I cant wait to get back into my photography too. I really miss just taking a walk and snapping pictures, my dog Brucie loves to walk with me he is so good once we get off the road and in the woods he can run without the leash he is so good and its nice to have a walking buddy. I plan on getting back on track with my diet, I gained a bit of weight over tax season but it comes from snacking at my desk. I have started the special K plan, its not really hard to stick with and it involves my favorites waffles, fruit and cereal :). I really hope I can stick with it this time, I usually get upset and let my emotions get the better of me, (i eat when stressed or upset)

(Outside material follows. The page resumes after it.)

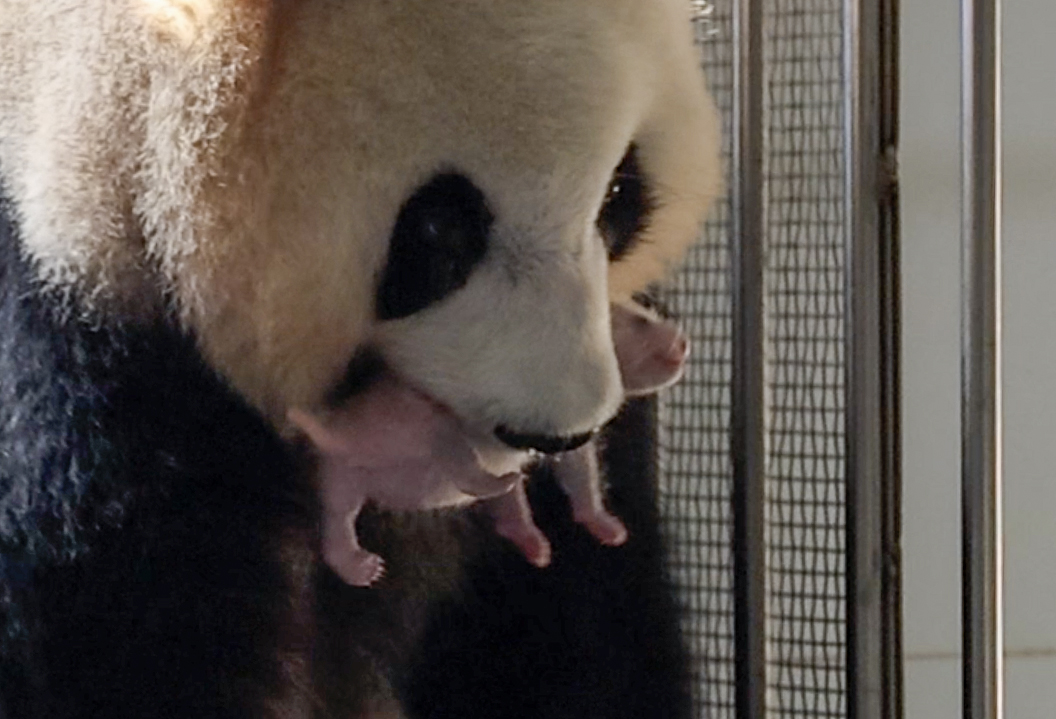 ▲2025年7月,重庆动物园,大熊猫“良月”在照顾自己的宝宝。(重庆动物园供图)

On a bit of a sadder note well sad for me anyways, there will be no wedding. Each time I mention it Dave scowls at me and I told him to tell me why he keeps doing that. He replied with "I think you know" I did know but wanted to hear it from him. He dosent want to :( To avoid the hassle I just said fine, we wont have it. So there went my beautiful little wedding, my dress, the girls dresses etc.. everything I was going to make. This is one thing that I will always be hurt about with him. I just dont understand it, but hey I should have known with past experience on this subject. I knew I shouldnt have bought the patterns and started planning a few things. :(::.. Dave told me to make my dress anyways, I see no point. So I have a pretty engagement ring with no wedding, it sucks but I will deal with it. My kids are being little monsters right now too, its all making me crazier than I already am. I feel all this stuff is MY fault, I know its not, I just gotta keep telling myself this...
There was my sob story HA HA! I cant wait to start tatting again and walking and taking pictures. I want to get out to the lake too, the geese are coming in, a friend of mine was out there over the weekend and she said she seen quite a few. That is another thing I havent seen my dear friend for ever we so need to get our schedules back in order.